Invested doctor honoris causa for the University of Silesia in 1997, he was won various awards for his literary creation, including the Alfred Jurzykowski Award (New York, 1994), the Hansischer Goethe (Hamburg, 1998) and the Imegna (Italy, 2000).
Gustavo Gutiérrez Merino (Lima, Peru, 1928 - 2024) founder and director of the Bartolomé de las Casas Institute, in Lima, he was the first person to synthesize and draw together the ideas of the Theology of Liberation, coining and defining the term in a conference given in 1969 and in a book published two years later. He is a man with a solid humanistic, theological and pastoral training (he has studied Medicine, Arts, Philosophy, Psychology and Theology) and is at present parish priest in Lima's slum quarter of Rimac, having studied in Lyon, Louvain, Rome and Paris, and lectured in Theology at the Universidad Católica de Lima.

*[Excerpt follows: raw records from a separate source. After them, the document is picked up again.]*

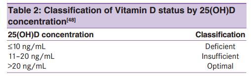 Table 2: Classification of Vitamin D status by 25(OH)D concentration 25(OH)D concentration
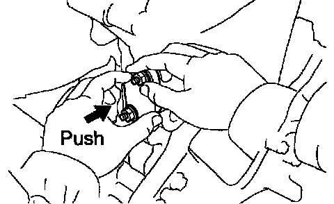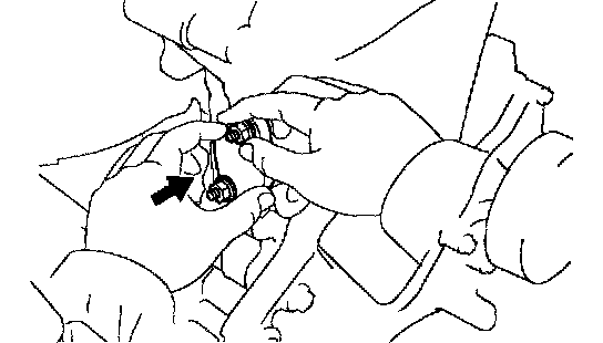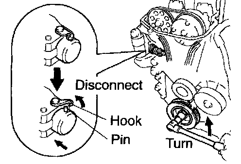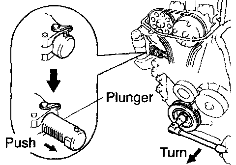 HINT: If the plunger does not spring out, press the slipper into the chain tensioner with a screwdriver or your finger so that the hook is released from the knock pin and the plunger springs out.
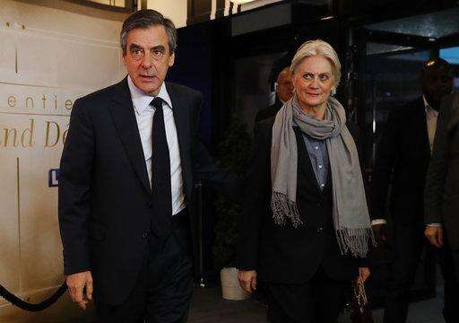 Conservative presidential candidate Francois Fillon, left, and his wife Penelope arrive for a television debate at French TV station TF1 in Aubervilliers, outside Paris, France, Monday, March 20, 2017. The five leading candidates for France's presidential election are holding their first debate Monday, with centrist Emmanuel Macron and far-right leader Marine Le Pen leading polls and jobs and security among voters' top concerns. (Patrick Kovarik/Pool Photo via AP) The Associated Press
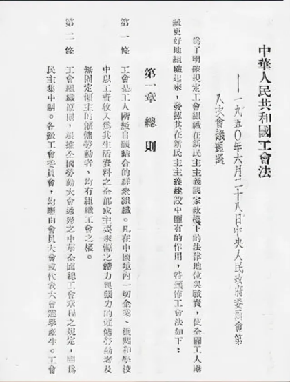 先河:新中国首部《工会法》为工会工作奠定法治基础
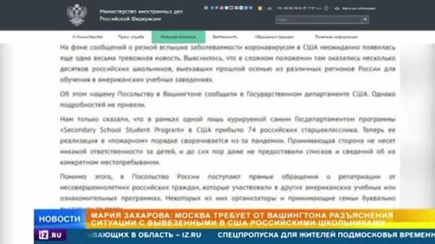 В середине апреля официальный представитель МИД РФ Мария Захарова оценила действия США в вопросе с российскими школьниками как "страшную махинацию".
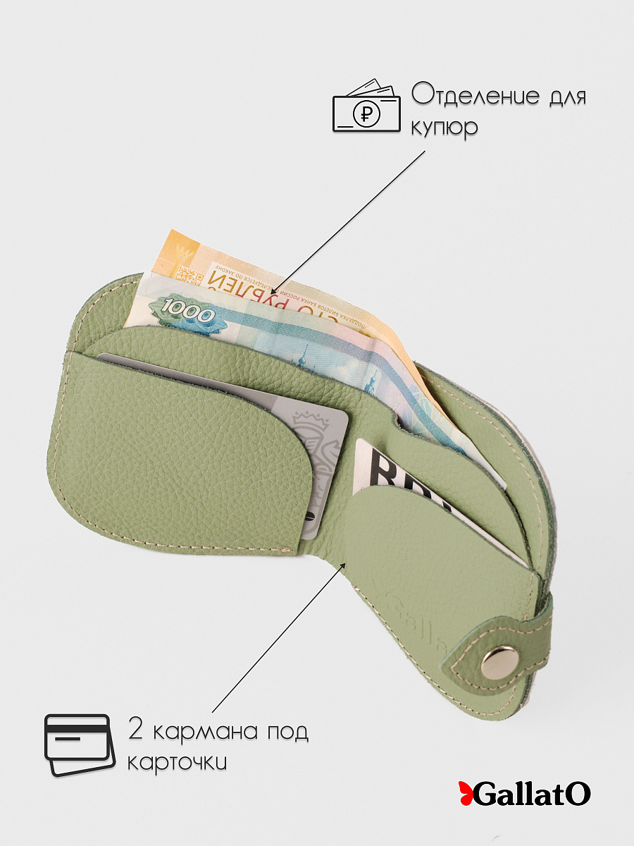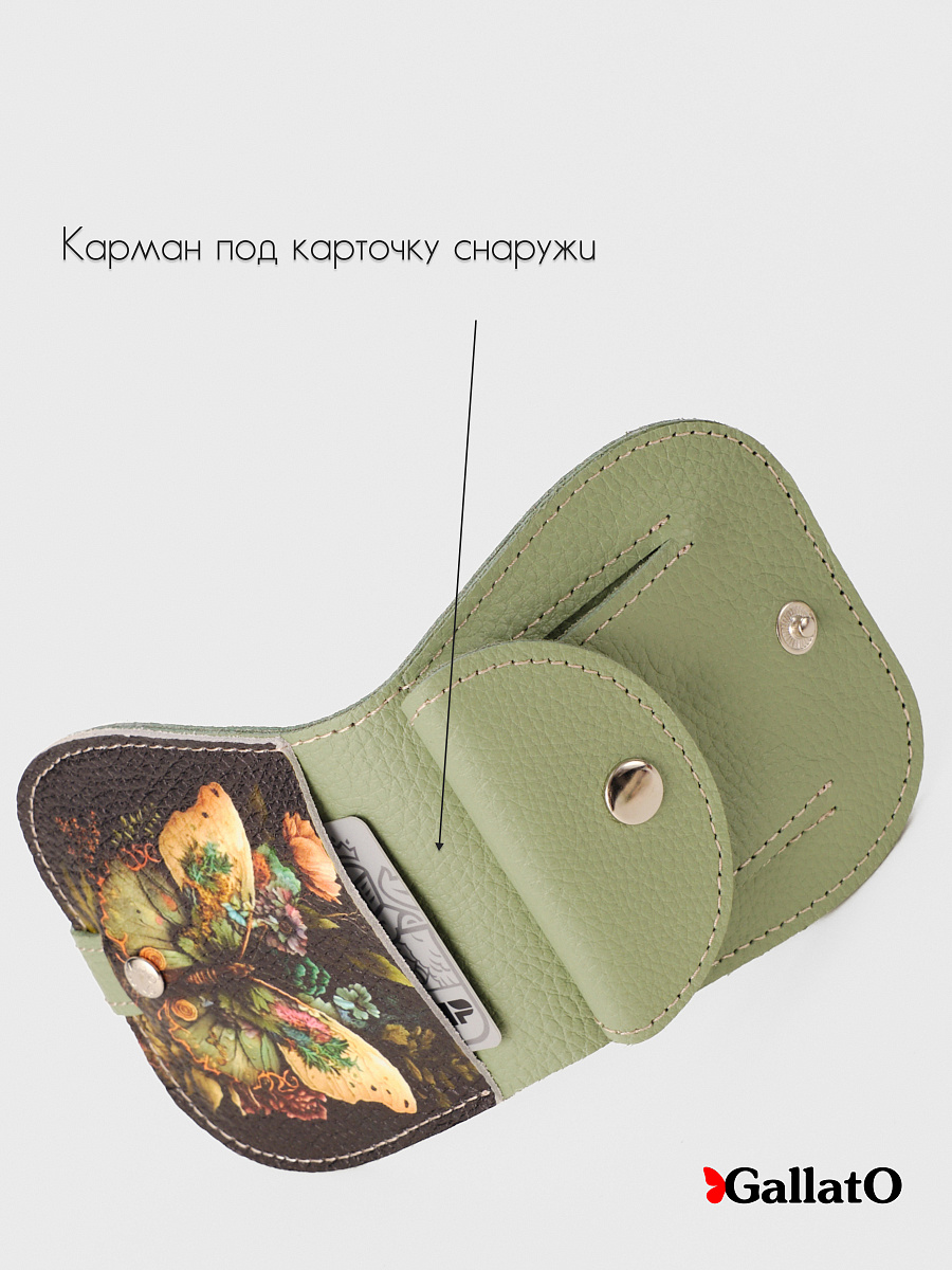 Кошелек - портмоне, картхолдер, бумажник выполнен из натуральной кожи. Удобен в использовании, помещается в карман джинс. Изделие содержит 2 отделения для карт, 1 отделение на кнопке под мелочь; Отделение для купюр и кармашек для монет. Размер 10 см х 10 см.
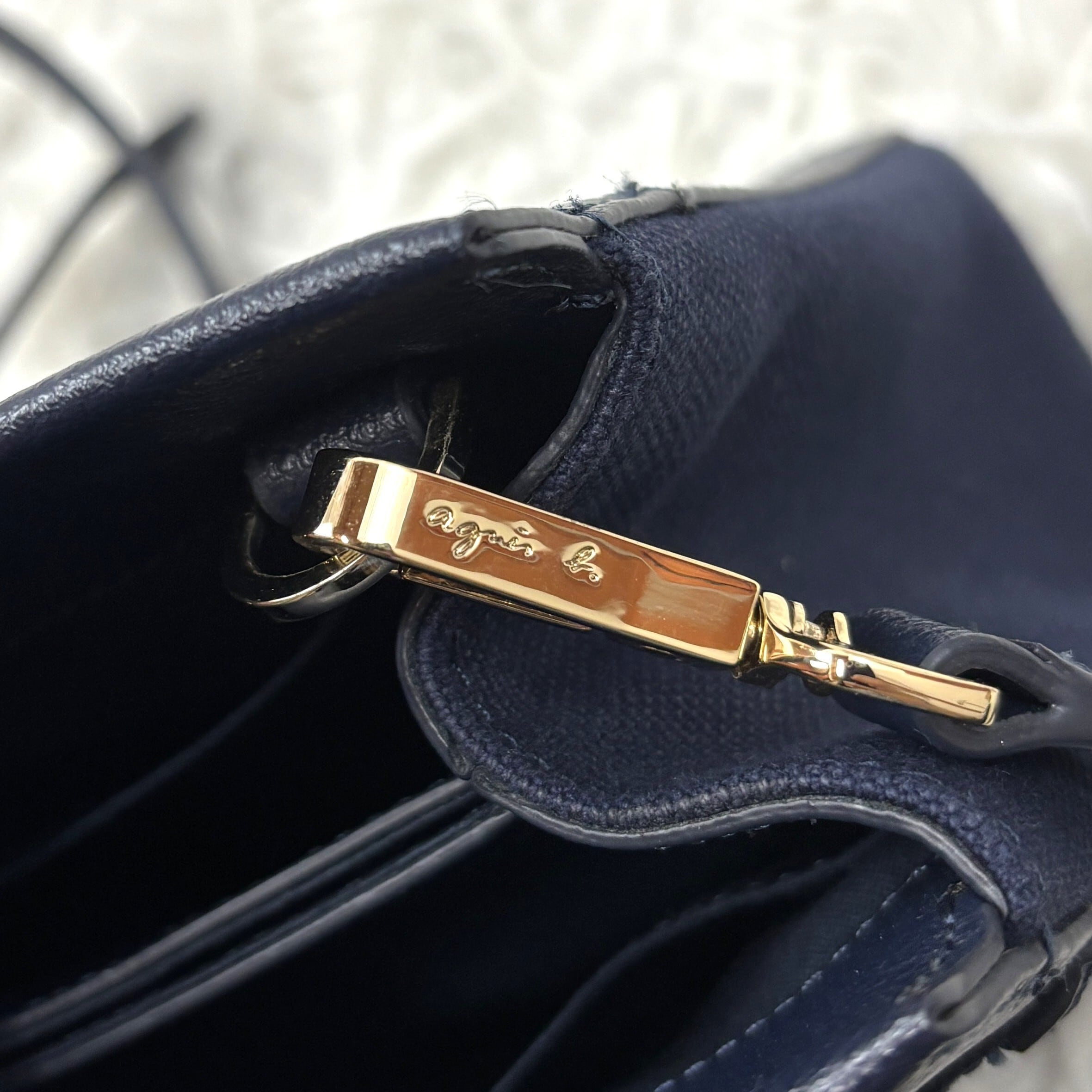 アニエスベー 紺 ロゴ金具チャーム付 ショルダーバッグ ミニトート 2Way

He is considered one of the most spiritual of the writers on the Theology of Liberation, managing to steer clear of the radicalism that other theologians have become embroiled in. He bases his ideas on solid Biblical foundations, and proposes that the liberation preached by Christ, rather than being purely spiritual, also involves liberation from earthly injustice, leading on to a belief that such liberation requires profound reform of the present-day political structures of Latin America, the continent at the hub of the Theology of Liberation.
Doctor honoris causa at several universities (including the University of Nimega in Belgium, King's College and Haverford College in the U.S.A., Switzerland's Fribourg, Germany's Tubingen Universities, and Quebec University in Canada, amongst others), he is the author of more than ten books, including, to name just some, A Theology of Liberation, The Truth Shall Make You Free, and In Search of the Poor of Jesus Christ. He has been awarded such distinctions as the Juan Mejía Beca Prize (Peru, 1993) and the Order of the Knight of the Legion of Honour (France). He has been a member of the Peruvian Academy of Language since 1995.